- Athiyuthu Location in Tamil Nadu, India Athiyuthu Athiyuthu (India)
- Coordinates: 9°25′40″N 78°54′15″E﻿ / ﻿9.42778°N 78.90417°E
- Country: India
- State: Tamil Nadu
- District: Ramanathapuram

Languages
- • Official: Tamil
- Time zone: UTC+5:30 (IST)
- PIN: 623513
- Telephone code: 04567
- Nearest city: Ramanathapuram
- Lok Sabha constituency: Ramanathapuram
- Vidhan Sabha constituency: Tiruvadanai

= Athiyuthu =

Athiyuthu is a village located 17 km(10 Miles) from the center of Ramanathapuram district, Tamil Nadu, India. It has some similar places nearby, such as Chittarkottai, Panaikulam, Pudhuvalasai Alagankulam and Aatrangarai.

== Panchayat ==
Athiyuthu is a village panchayat for three villages namely Athiyuthu, Kovilkarai and Iraniyanvalasai which has 9 wards.

== Demography==
Muslims are the majority community in this village, and are served by the Athiyuthu Jamiya Masjid mosque. There is also an Islamic pilgrimage center Pattani Shahib Dargah. This region is notable because Dalits began converting en-masse to Islam.
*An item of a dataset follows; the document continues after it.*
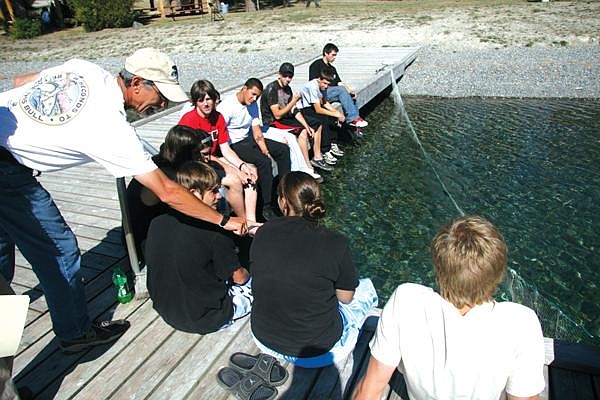 Using a slide-show presentation, Tribal Fisheries Biologist Barry Hanson explained to students how people need to honor the lake by not letting native fish, like bull and cutthroat trout, go extinct. Arrival of non-native species in Flathead Lake like lake trout and mysis shrimp have already led to the disappearance of kokanee salmon from the lake and forever changed the ecology of the lake, meaning that saving the native species still remaining is of utmost importance, according to Hanson. He said that despite contests like Mack Days that help catch more than 20,000 lake trout a year, native species continue to be threatened by these predacious fish.
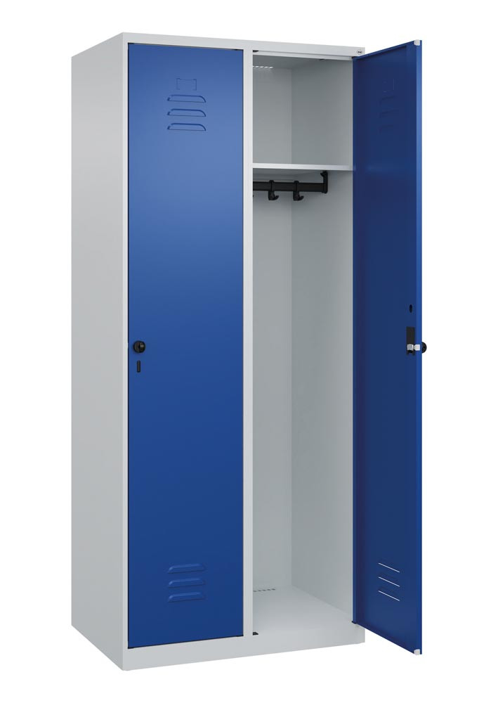 Garderobenschrank, BxTxH 800x500x1850 mm, 2 Abteile, B 400 mm, Bodenstehend, Drehriegel, RAL 7035/5010

Two major areas for Muslims namely Athiyuthu Palaya Theru Jamaliya Muslim valibar sangam (JMVS) and Ramzan nagar vahidhiya Muslim valibar sangam (VMVS) which are controlled by Athiyuthu Muslim Jamath and Ramzan Nagar Muslim Jamath respectively.

For Hindus, Idayar Theru, Colony and many more areas. A temple named Bagavathy Amman Temple is also in the area, as are temples like Vinayagar temple, Muneeswarar temple, and Visalatchi temple.

== Education ==
Many educational Institutions like Syed Ammal Matriculation School, Syed Ammal Hr. Sec. School, Naziya Matriculation School, Mohamedia Hr. Sec.School, Bukhariya Matriculation School, Velumanickam Matriculation school, MG Public Matriculation School, Bahurdeen Hr.Sec. School, Krishna International school, Shifan Global Academy are some of the schools here and Syed Ammal Arts and Science college, Syed Hameedha Arts and Science College, Thasim Beevi Abdul Kadher College for Women, Syed Ammal Engineering College, Mohamed Sathak Engineering College, Mohamed Sathak Polytechnic College are the colleges here.

== Economy ==
Athiyuthu is an Agricultural-based village in which half of the land areas in it are agricultural lands. The people had cultivated many varieties of crops but now only Paddy due to the climatic changes and many people had sold their lands. Most of the people had been moved to Malaysia, Singapore and so on.

== Bus routes ==
There are state buses connecting to Ramanathapuram running every hour. Private buses connect the city with Chennai and Rameshwaram, visiting Athiyuthu.